The act of collecting, analyzing, and interpreting quantitative data is known as performing statistical analysis.
Statistical analysis helps uncover underlying patterns and trends in data.
Data analysis is the act of turning raw, messy data into useful insights by cleaning the data up, transforming it, manipulating it, and inspecting it.
The insights gathered from the data are then presented visually in the form of charts, graphs, or dashboards.
The insights discovered can help aid the company’s or organization’s growth. Decision-makers will be able to come to an actionable conclusion and make the right business decisions.
Extracting knowledge from raw data will help the company/organization take steps towards achieving greater customer reach, improving performance, and increasing profit.

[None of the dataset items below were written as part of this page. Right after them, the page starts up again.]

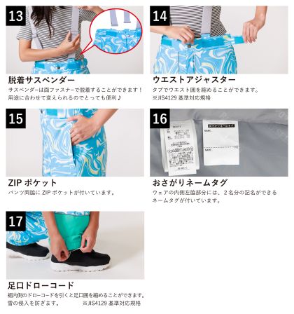 ・ウエストアジャスター:両脇のタブでウエスト周りを調整可能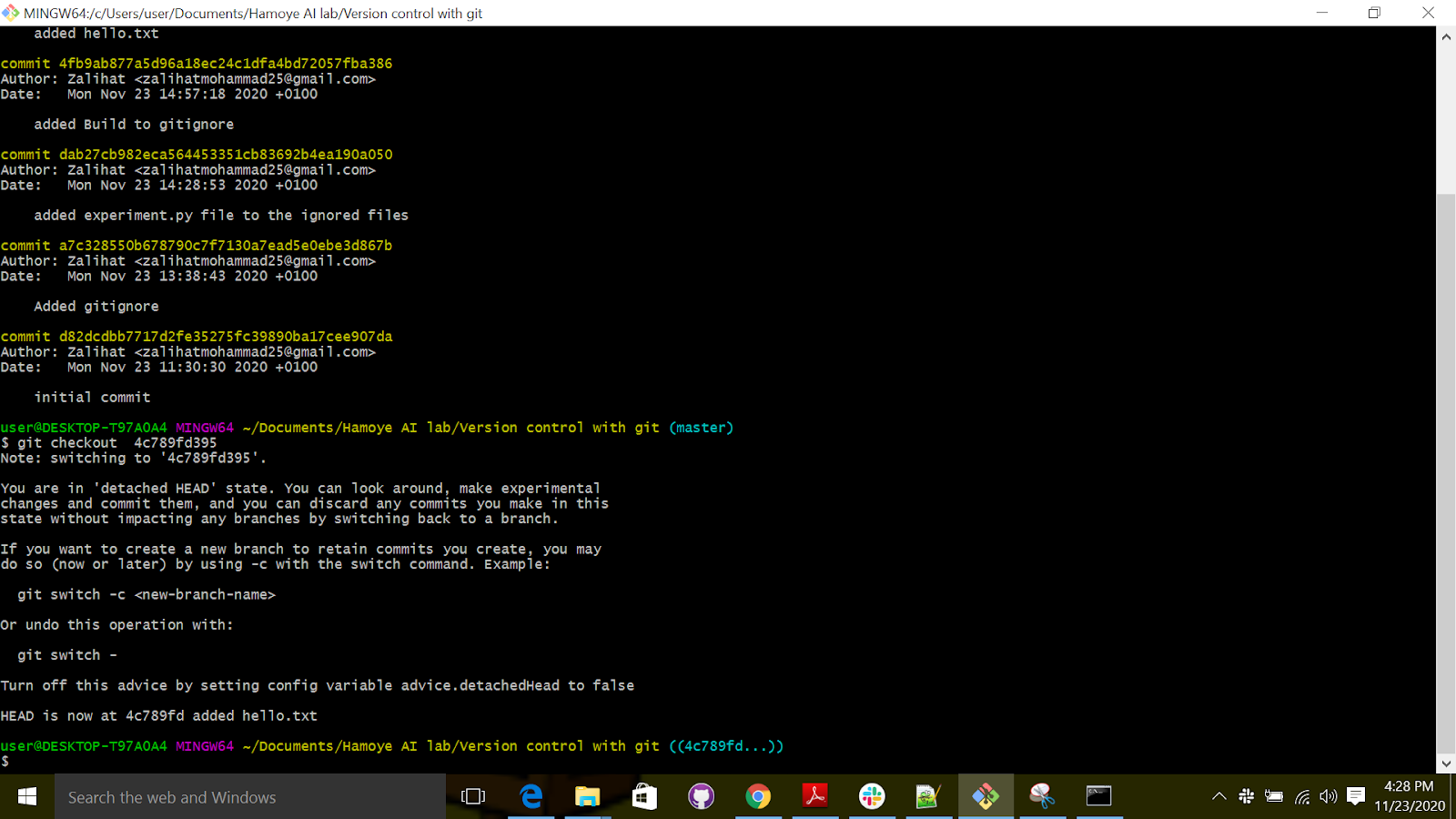 Remember the commit names we talked about earlier? We are going to use them in this section to switch between versions.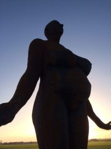 Die Drachtener Künstlerin arbeitet noch an einer zweiten, dünnen Frau. Dieser hier wird nächstes Jahr neben der fetten Frau stehen. Beide haben keinen Namen..
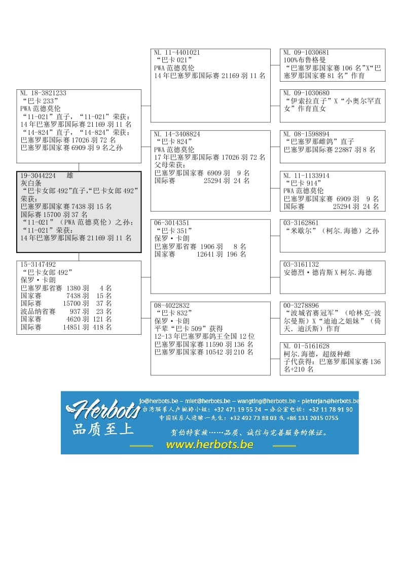 父亲:NL 18-3821233“巴卡233”“11-021”直子,“11-021”荣获:巴塞罗那国家赛1150公里5423羽10名母亲:BE 15-3147492“巴卡女郎492”巴塞罗那省赛1053公里 1380羽 4名国家赛 7438羽 15名国际赛 15700羽 37名波品纳国家赛912公里 4620羽 121名

At its core, data analysis is about identifying and predicting trends and figuring out patterns, correlations, and relationships in the available data, and finding solutions to complex problems.
Data equals knowledge.
This means that data analysis is integral for every business.
It can be useful and greatly beneficial for every department, whether it's administration, accounting, logistics, marketing, design, or engineering, to name a few.
Below I will explain why exploring data and giving data context and meaning is really important.
By analyzing data, you understand your competitors, and you will be able to match your product/service to the current market needs.
It also helps you determine the appropriate audience and demographic best suited to your product or service.
This way, you will be able to come up with an effective pricing strategy to make sure that your product/service will be profitable.
You will also be able to create more targeted campaigns and know what methods and forms of advertising and content to use to reach your audience directly and effectively.
Knowing the right audience for your product or service will transform your whole strategy. It will become more customer-oriented and customized to fit customers' needs.
Essentially, with the appropriate information and tools, you will be able to figure out how your product or service can be of value and high quality.
You'll also be able to make sure that your product or service helps solve a problem for your customers.
This is especially important in the product development phases since it cuts down on expenses and saves time.
By analyzing data, you can measure how well your product/service performs in the market compared to others.
You are able to identify the stronger areas that have seen the most success and desired results. And you will be able to identify weaker areas that are facing problems.
Additionally, you can predict what areas could possibly face problems before the problem actually occurs. This way, you can take action and prevent the problem from happening.
Analyzing data will give you a better idea of what you should focus more on and what you should focus less on going forward.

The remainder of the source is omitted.